REQUIRED ACTION | Repeat word for word the lines from the top of the records through the line containing "Предназначен для регулирования", and skip the pictures.

DATA SUPPLIED |
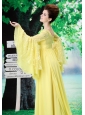 If you are interested in chinese movies, you will find with this dress you will like a fairy maiden. The fitted bodice is adorned with a scoop neckline and exquisite beadwork and also embellished with long lace sleeves which adds romantic look. Floor-length design with a brush train makes this skirt more flowy and beautiful. A zipper up back completes this fabulous dress. What are you looking for? Bring it to your home with no hesitation!
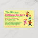 Promote your childcare/daycare/babysitting services with these eye catching business cards. These business cards display an illustration/cartoon of diverse group of happy children. Customise by modifying colours and fonts to more appropriately suit your own branding needs.
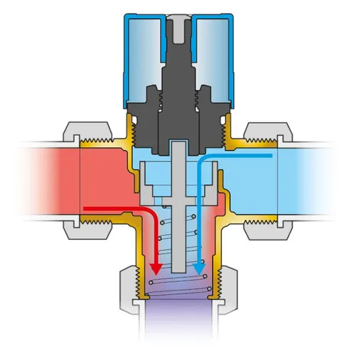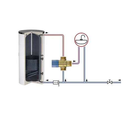 Предназначен для регулирования и поддержания заданной температуры на выходе из клапана в системах горячего водоснабжения и отопления.
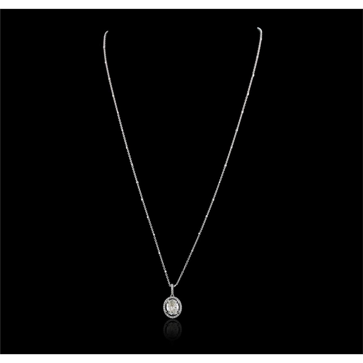 One electronically tested 18KT white gold ladies cast & assembled diamond pendant with chain. The pendant features a diamond set within a diamond bezel, completed by a diamond set bail. The pendant is supported by a sixteen inch length 14KT white gold designer style chain, terminating in a spring ring clasp. Bright polish finish. Identified with markings of "750". Condition is new, good workmanship. Containing: One prong set oval shaped cut diamond, measuring 7.90 x 6.25 x 3.80mm (depth est.) approximate weight of 1.27ct with a medium strong blue fluorescence. Graded in the setting. Clarity: I-1. Color: J. Depth 60.8%. Table 54.4%. Thirty-Seven prong set round brilliant cut diamonds, measuring 0.80 - 0.70 x 0.45mm (depth est.) approximate total weight of 37 Stones = 0.10ct. Graded in the setting. Clarity: VS-2 to SI-1. Color: G - I. Total Weight of Diamonds 1.37ct. Total Weight of Pendant With Chain 2.96 grams. AIG Appraised at $12,940.00.
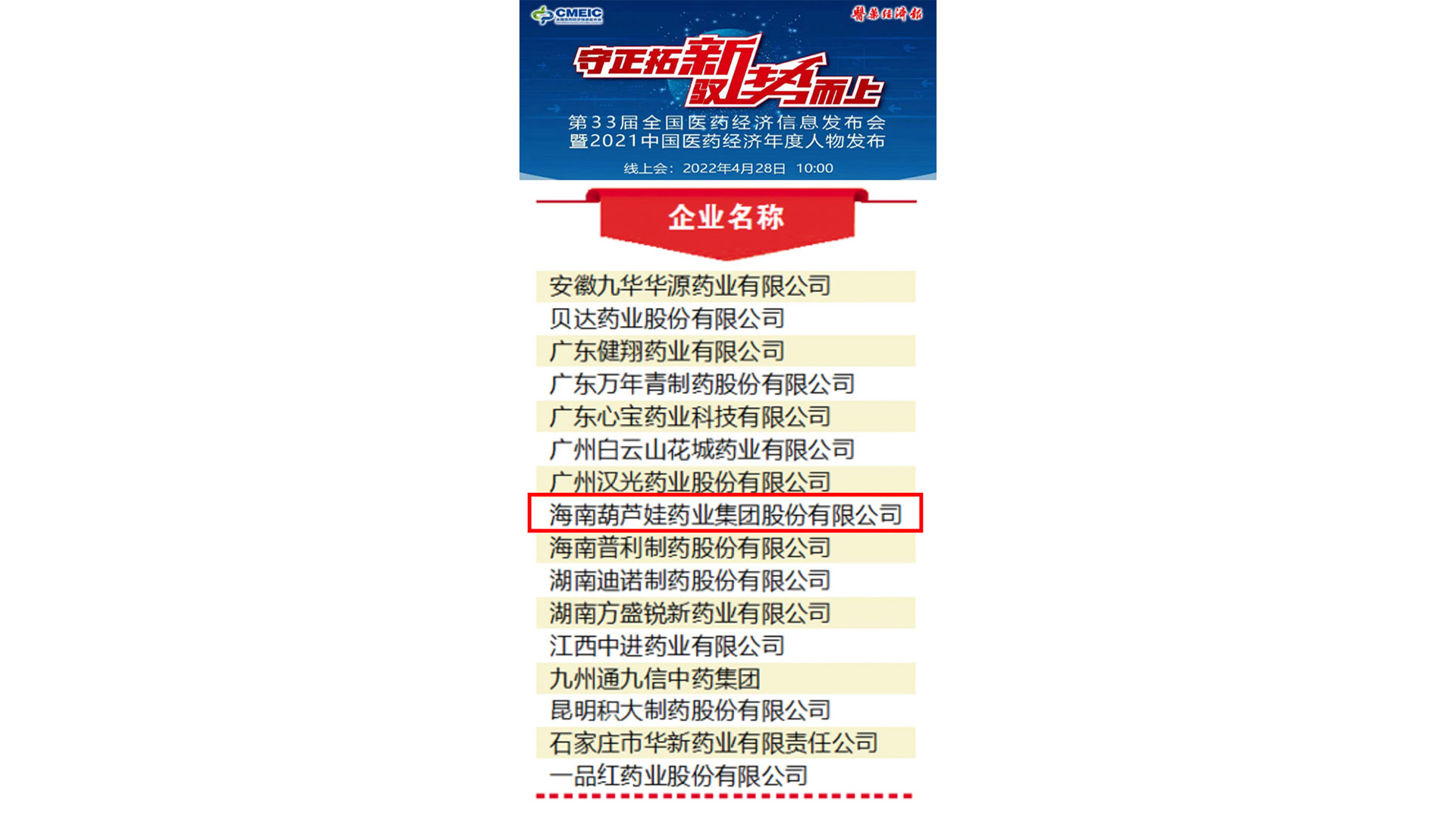 近日,由國家藥品監督管理局南方醫藥經濟研究所指導、醫藥經濟報主辦的第33屆全國醫藥經濟信息發布會暨2021醫藥經濟年度人物發布在線上隆重召開。致力於打造中國兒藥第一品牌的尊龍凱時藥業榮膺“頭部力量·中國醫藥高質量發展成果企業”。
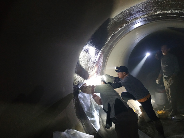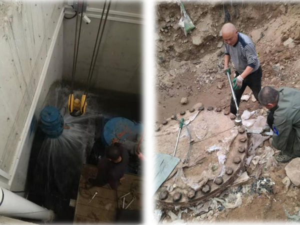 2019年10月份,在调水运行期间因自动化故障,莱山一号阀门井截止阀突然关闭,造成了管道内形成了巨大的水锤,给管道造成了很大的破坏,被迫暂停了向威海调水。因当时威海正处在严重的缺水状态,如果不能及时对管道进行抢修,就会给威海造成水荒。为此,山东省调水工程维护中心和烟台分中心紧急成立了抢险指挥部,公司被指挥部指定为专项应急抢修抢险队。依据公司专业水利工程的专业水平和丰富的实践经验,公司迅速制定出了抢修抢险方案,方案批准后,公司经过九昼夜奋力抢修,排除重重困难,将破损的管道修复好,确保了给威海的调水任务顺利进行,受到了抢险指挥部的表彰。多年来公司还参加了多起不同境况的抢修抢险任务,成长为一支过硬的专业抢修抢险专业队伍。
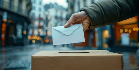 Close up of a person's hand inserting a blank envelope into a ballot box. Space for text.
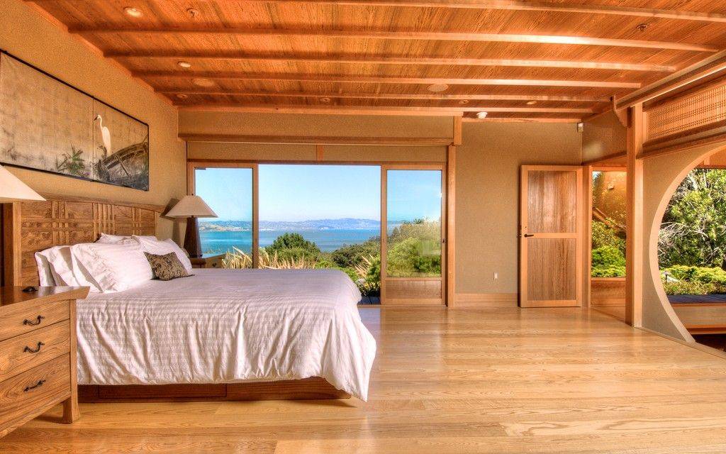 Роскошная спальня в японском стиле с минимумом мебели
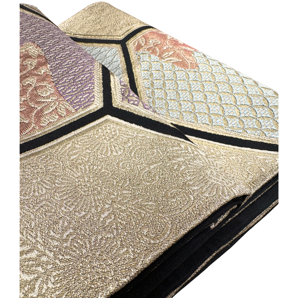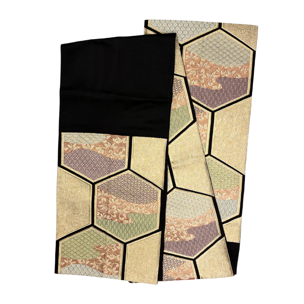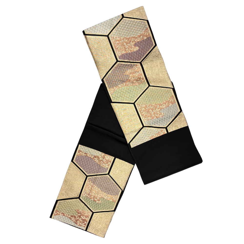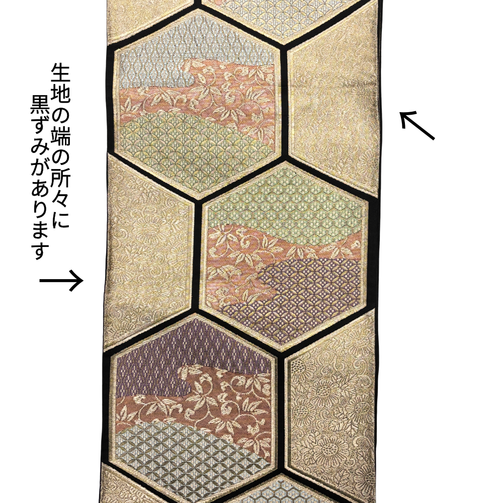 袋帯 六通柄 正絹 リユース 中古 亀甲繋ぎ 華紋 黒地 k10-008-1 (8050-00632)
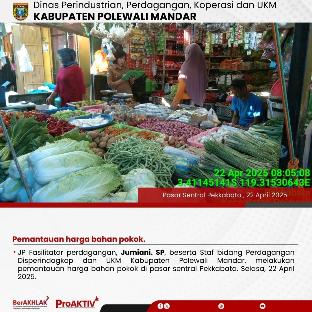 JP Fasilitator perdagangan, Jumiani. SP, beserta Staf bidang Perdagangan Disperindagkop dan UKM Kabupaten Polewali Mandar, melakukan pemantauan harga bahan pokok di pasar sentral Pekkabata. Selasa, 22 April 2025....
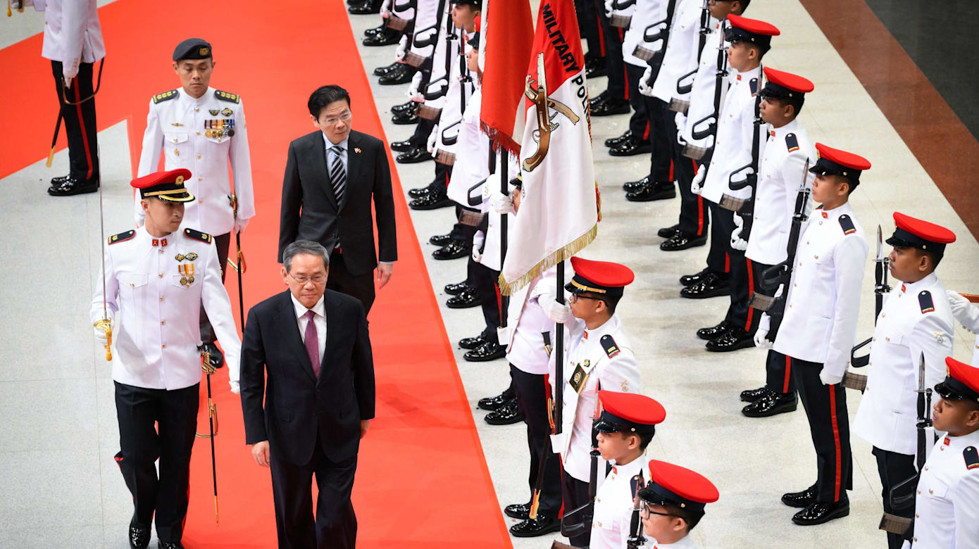 首次正式访问新加坡的李强今天(25日)下午抵达我国展开为期两天的正式访问,并在下午5点左右抵达国会大厦。我国黄循财总理为他举行欢迎仪式,军乐团在欢迎仪式上奏响两国国歌,李强之后在黄总理的陪同下,检阅仪仗队。
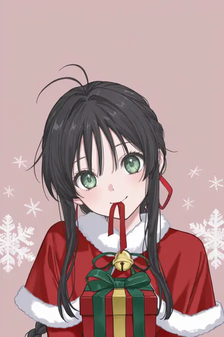 yagamitoa, long hair, black hair, braid, antenna hair, sidelocks, green eyes, hair ribbon
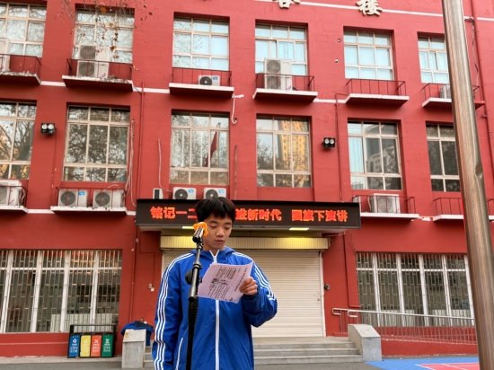 12月8日清晨,伴随着庄严的国歌,五星红旗冉冉升起。九年级学生代表张瀚文以《青春燃烽火 热血筑华章》为题发表国旗下演讲。他深情回顾“一二・九”运动中爱国青年为民族独立挺身而出的壮阔历史,结合新时代青年的使命担当,号召同学们以先辈为榜样,将爱国情怀转化为学习动力,用青春热血书写民族复兴的崭新篇章。
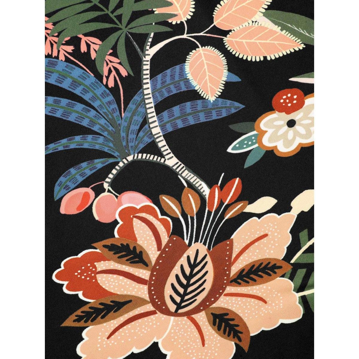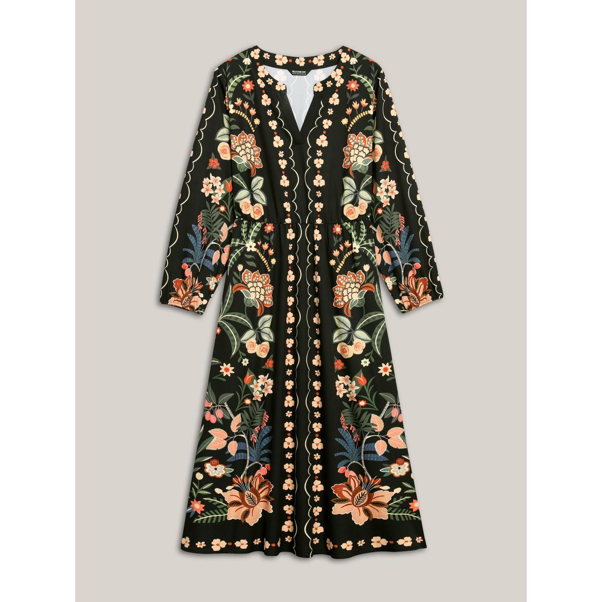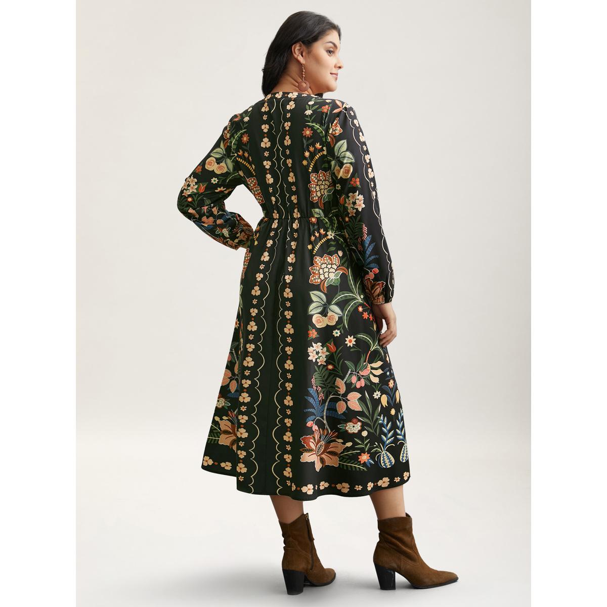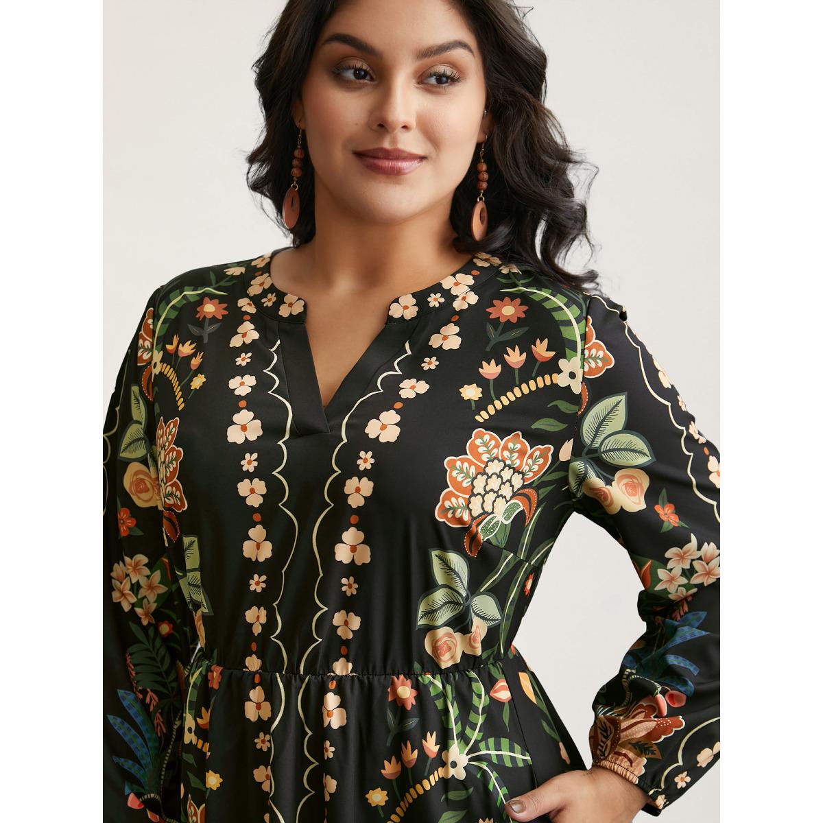 Plus Size Floral Print Notched Collar Elastic Waist Dress Black Women Resort Elastic cuffs Flat collar with V-notch Long Sleeve Curvy BloomChic 10/M

YOUR SOLUTION |
 If you are interested in chinese movies, you will find with this dress you will like a fairy maiden. The fitted bodice is adorned with a scoop neckline and exquisite beadwork and also embellished with long lace sleeves which adds romantic look. Floor-length design with a brush train makes this skirt more flowy and beautiful. A zipper up back completes this fabulous dress. What are you looking for? Bring it to your home with no hesitation!
 Promote your childcare/daycare/babysitting services with these eye catching business cards. These business cards display an illustration/cartoon of diverse group of happy children. Customise by modifying colours and fonts to more appropriately suit your own branding needs.
 Предназначен для регулирования и поддержания заданной температуры на выходе из клапана в системах горячего водоснабжения и отопления.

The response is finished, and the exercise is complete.